Oxbow

Love That's Last (2006)

Jordan Rogowski

I really don't even know what to say on this one. Hydra Head has always seemingly made it a mission of theirs to both challenge and baffle any potential listener with the records put out from bands on their roster. Oxbow is certainly the rule and not the exception, and this collection of songs spanning their almost 20-year career exemplifies just that.

As much free-form psychedelia as anything, this infusion of rock, jazz, and noise is one that will undoubtedly challenge anyone choosing to listen for the 50 minutes that it plays for. The enemy here is convention, and they staunchly fight it with every absurd time signature, drawn out noise section, or slow-churning metal piece with what almost seem like spoken word vocals. It's so simultaneously scatterbrained and deliberate, that it's hard to really comprehend the songwriting process that went into some of these.

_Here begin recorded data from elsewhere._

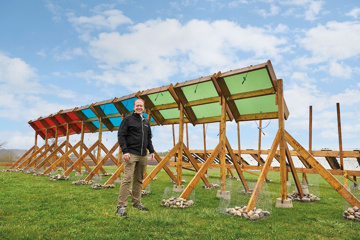 Joshua Pearce, professeur à l’Université Western, sous des panneaux solaires semi-transparents. Photo: Kathryn Hollinrake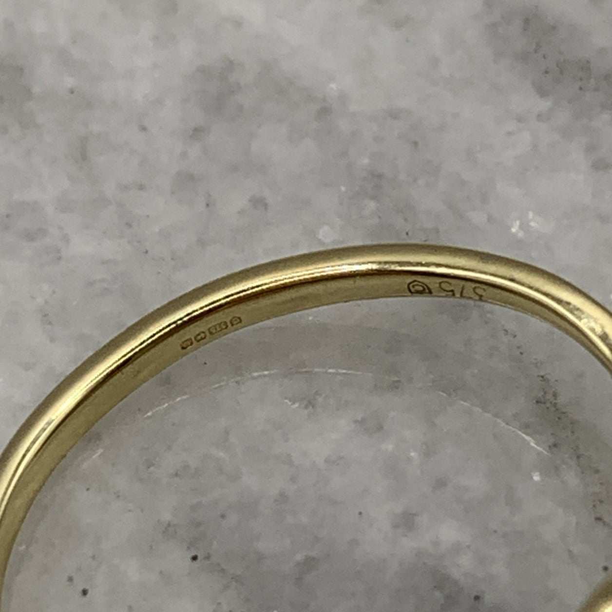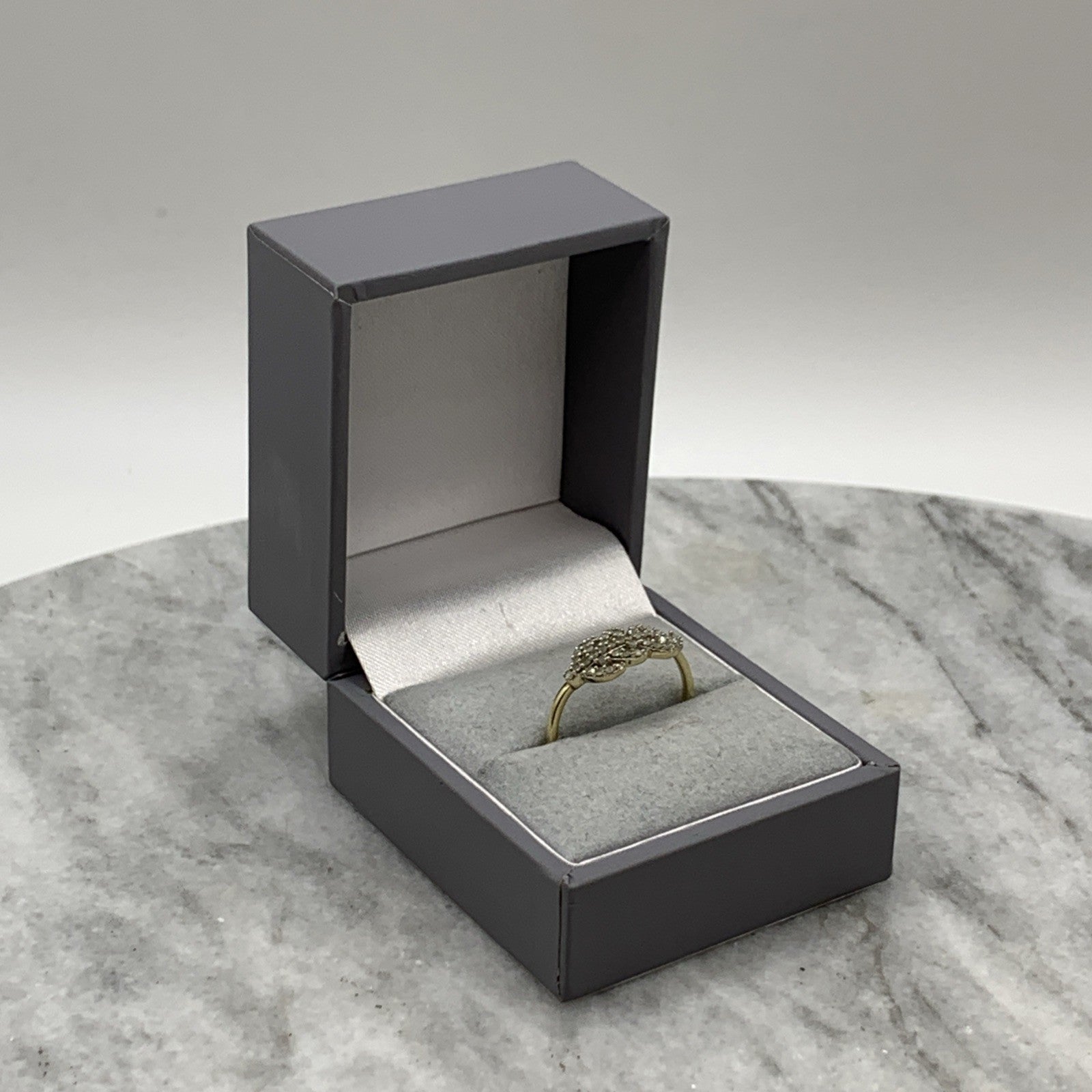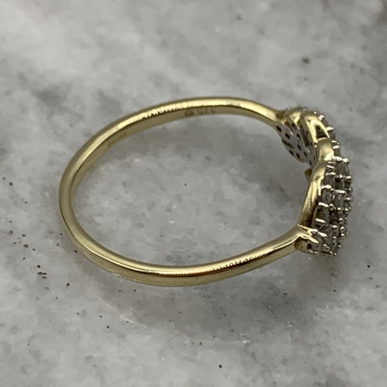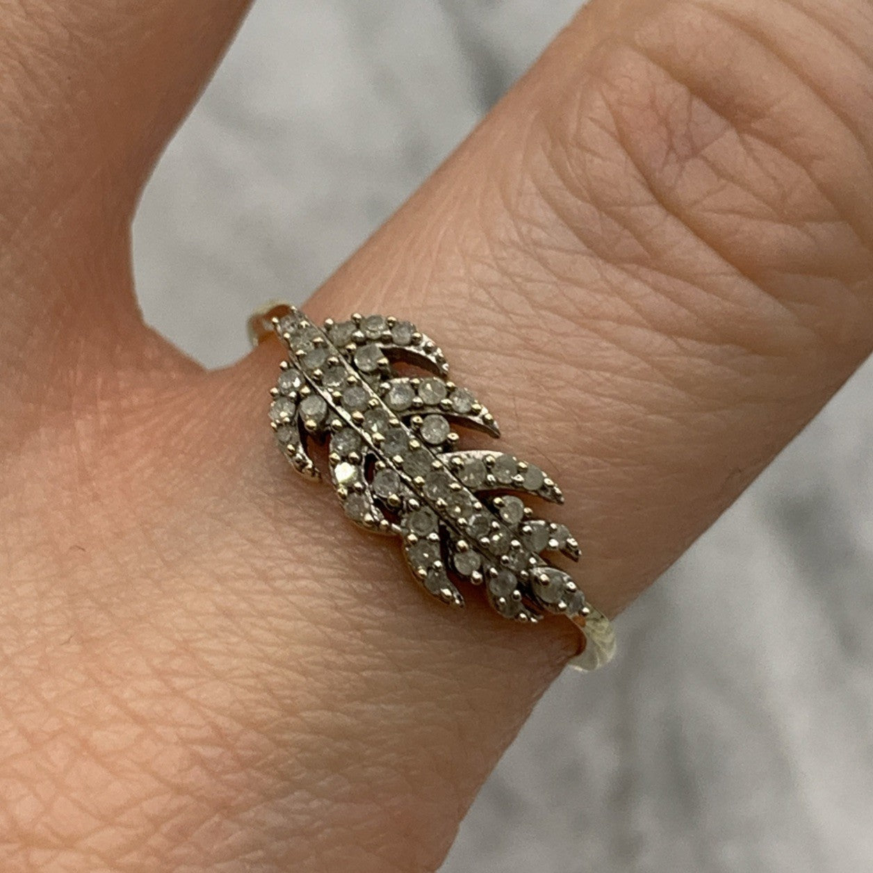 - A beautiful fine gold ring featuring a leaf shaped cluster of petite diamonds. Hallmarked.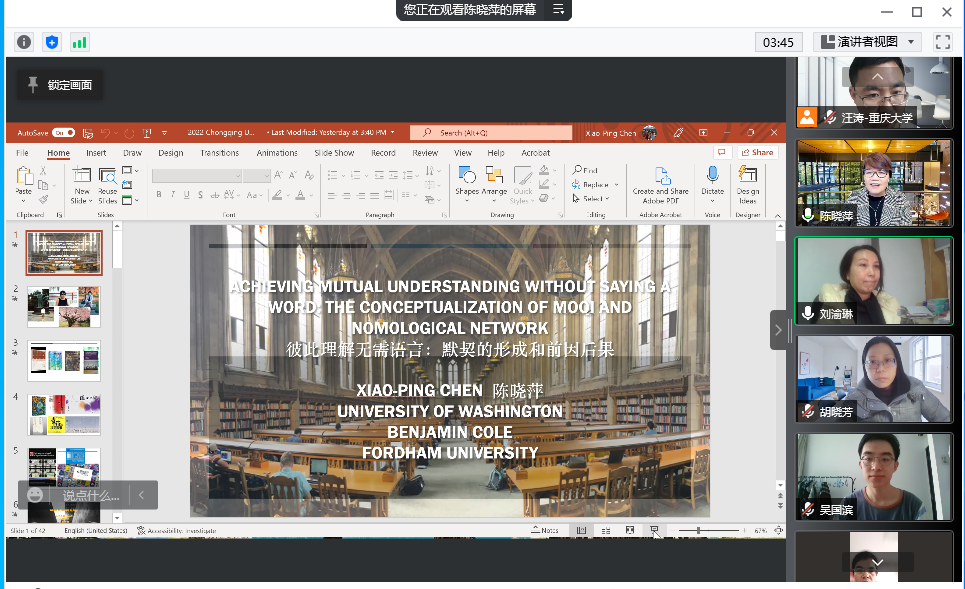 2022-04-26为了进一步开阔师生的视野,发掘学术兴趣,启发科研思路,2022年3月4日上午10点,韩国h漫 举办了以《彼此理解勿需语言:默契形成的前因后果》为主题、以腾讯会议为依托的线上讲座。本次讲座的主讲人是美国伊利诺大学工业和组织心理学博士、美国管理学会院士、美国心理学会院士陈晓萍教授。讲座由韩国h漫 副院长刘渝琳教授主持。陈晓萍潜心于教学研究,曾任美国华盛顿大学福斯特商学院副院长和组织管理学主任,...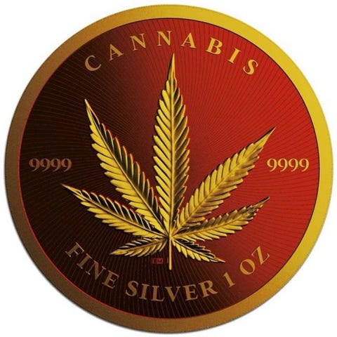 Cannabis, kendt under forskellige navne såsom marihuana, er en plante der stammer fra Central- eller Sydasien. Den er blevet anvendt i århundreder til rekreative og entheogene formål samt i forskellige traditionelle medicinske praksisser. Denne udgave viser en afbildning af den ikoniske reggaesanger Bob Marley prydet med en sort platin-belægning. Udgivelsestallet er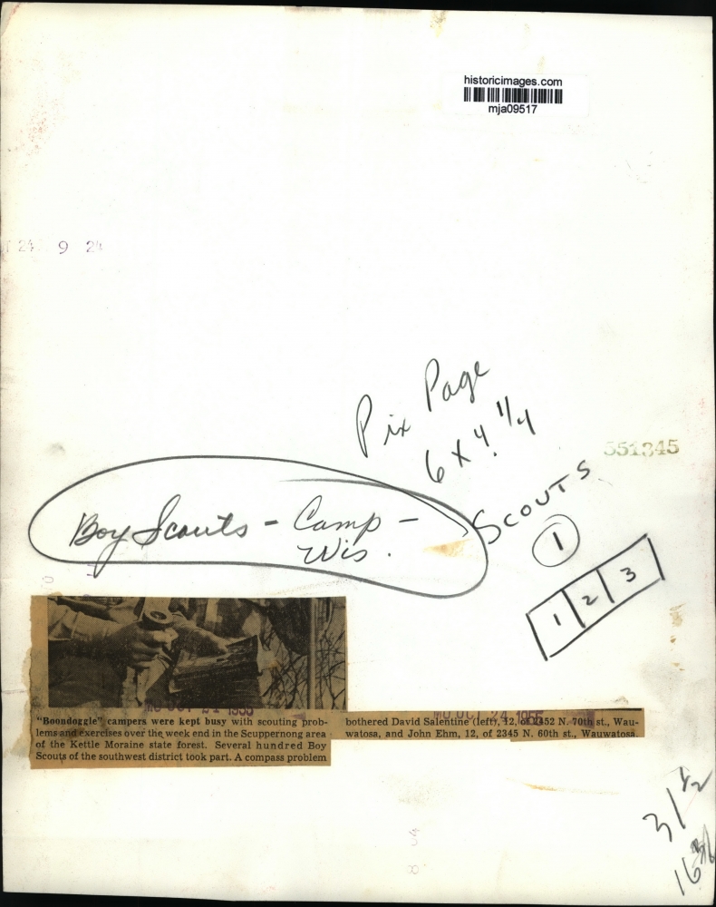 Boondoggle campers were kept busy with scouting problems and exercises over the weekend in the Scuppernong area of the Kettle Moraine state forest. Several hundred Boy Scouts of the southwest district took part. A compass problem bothered David Salentine,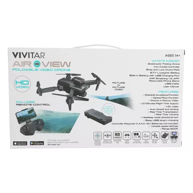 Gain picture and video from your drone flight with Air View. Obstacle avoidance function. Optical flow function. Picture in Picture video. 10 Minute approximate flight time. HD video with articulating view. Wifi app control and realtime transmission. Auto takeoff and landing. Headless mode directional lock. Recharge via USB plug-in. Variable speed settings. Range up to 200ft. Powered by 3.7V Li-polymer battery. Includes: Icon coded controller. Snap and Lock guard rails. Slide in battery with USB charging port. Removable phone stand. USB cable.

Take at first, "The Valley," beginning with the low, droning vocals and acoustic guitar combination that you would not expect to hear on an album like this. As it progresses, slowly albeit, a certain appreciation for the simple beauty is developed. The singer is no Johnny Cash, but there is an oddly compelling quality to his seemingly nonsensical musings. And it can't be called out of place, either, as this ‘album,' as mentioned before, is a collection of songs strewn together from various LP's and performances. The very next song offers a polar opposite from the previous one, as the acoustic guitar is replaced by deep grooves, thick fuzz and drone, and vocals that sound borderline inhuman. Not because they're loud and screechy, quite the opposite, but each word sounds like the last gasping breath of a man dying from a stab wound. An unsettling sound as you may find on an album, as you could imagine. The song doesn't seem to follow any particular direction, as most of these don't, instead letting that free-form psychedelic approach really take hold.

This combination of Sabbath-esque metal, psychedelic sounds, acoustic guitar, and wrenching "vocals" is one of the oddest concoctions of I've come across. I can't either pan or recommend this album, as it doesn't doesn't have any sort of real affect on me. As I mentioned, Hydra Head's been known to put out some weird releases, but they might have truly outdone themselves this time around.